Lifesaving pharmaceuticals, such as penicillin and insulin, have created great advances in modern healthcare and the quality of life. However, the cost of bringing a new drug on the market is estimated to be $1.8 billion and steadily rising and there is a steady decrease in the number of new drugs on the market per billion US dollars spent on commercial drug research and development. Therefore, there is still much room for improvement in the throughput and cost-effectiveness of the drug discovery pipeline, enabling lifesaving medicines to be available to anyone who needs them and new drugs to cure more diseases. With today’s ever growing computational power at our fingertips, there is an exciting opportunity for computational scientists to leverage this power for the good of humanity.

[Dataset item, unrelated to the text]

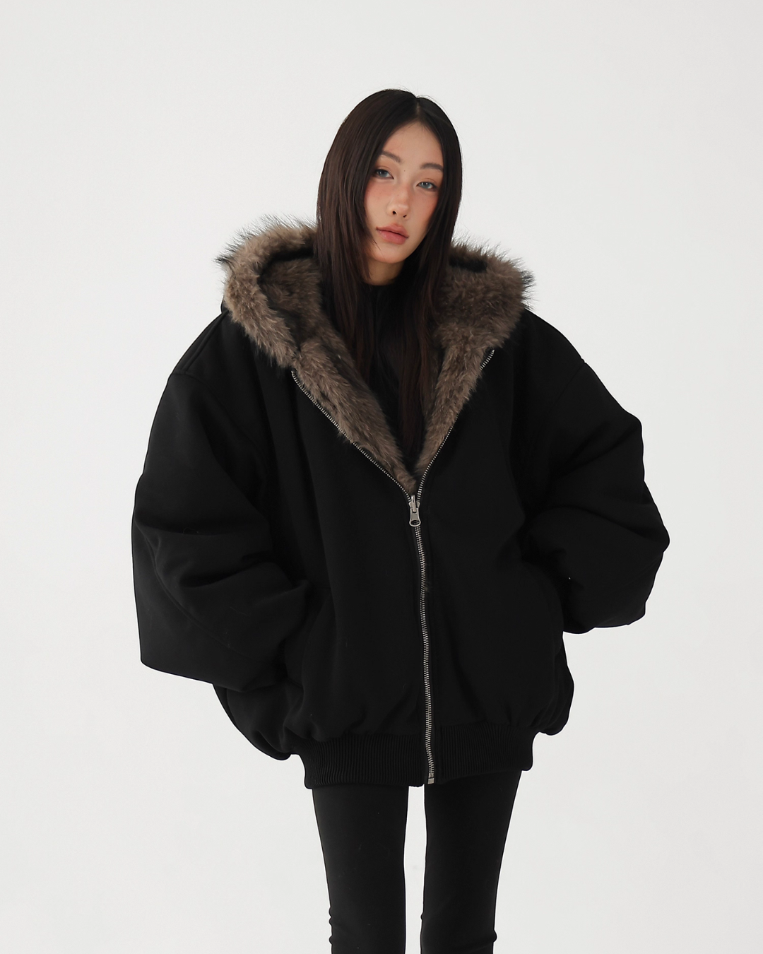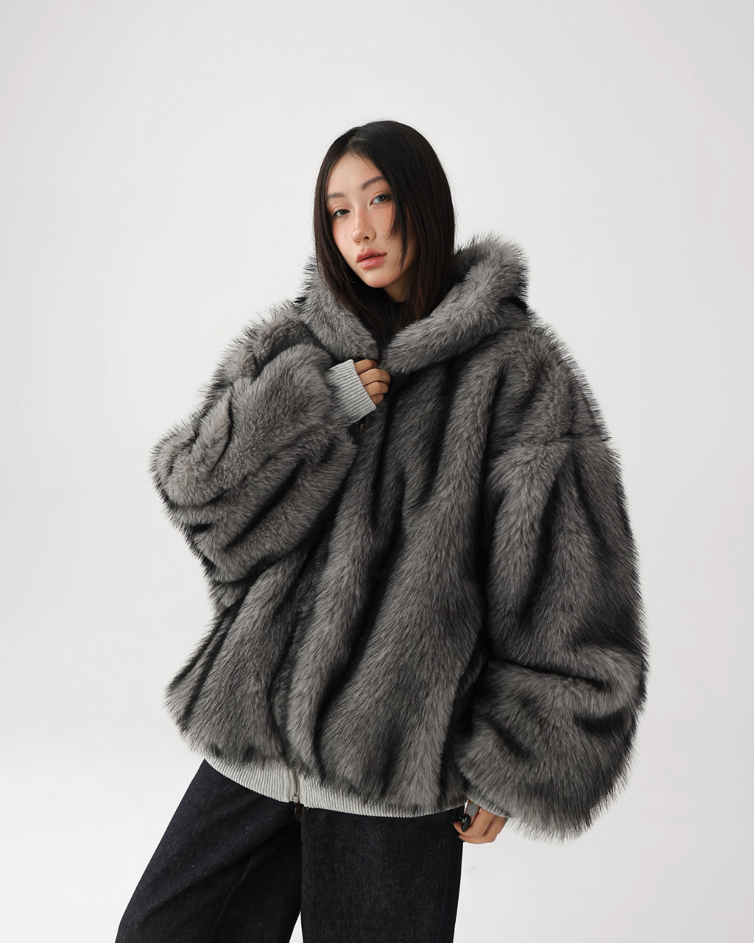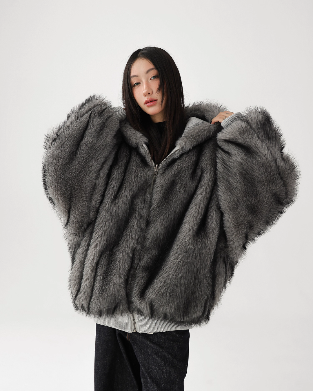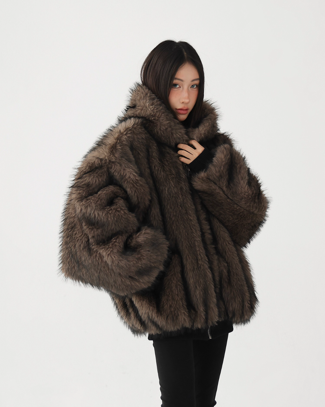 A voluminous fur jacket that emphasizes a heavy appearance.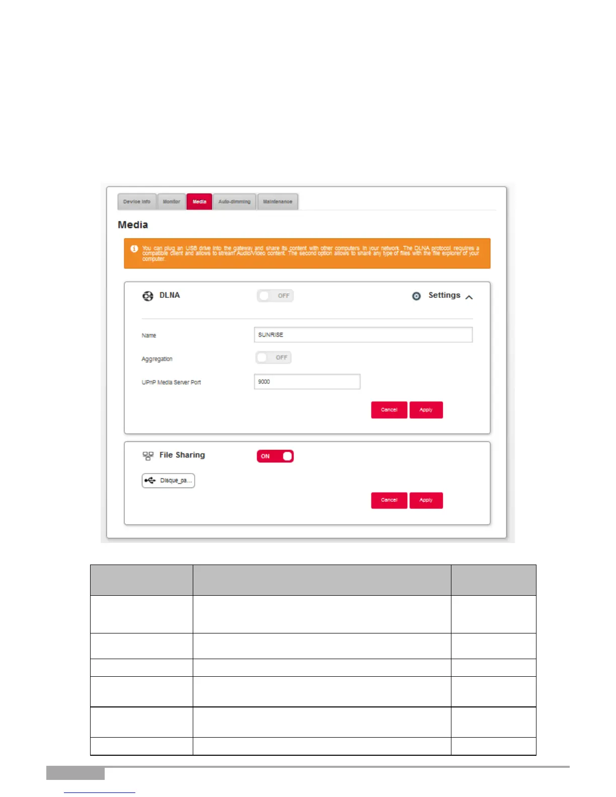 Objective: This menu lets you configure the shared services (DLNA and SAMBA) of your Sunrise

One of my current interests is the acceleration of large scale inverse molecular docking on massively parallel machines, such as Titan (Oak Ridge National Laboratory – ORNL) and Kraken (University of Tennessee (UT) and XSEDE), which can be used to automatically investigate potential side-effects and toxicity of lead drugs, which is a common cause for drugs failing in the late stage of the drug discovery pipeline and has negative effects on the costs of successful drugs (which must compensate for the financial loss of failed drugs).
I develop efficient and easy-to-use applications that help researchers make impactful scientific discoveries. I enjoy working with researchers in many different interdisciplinary settings and helping them find ways to achieve better results while saving time and budgets.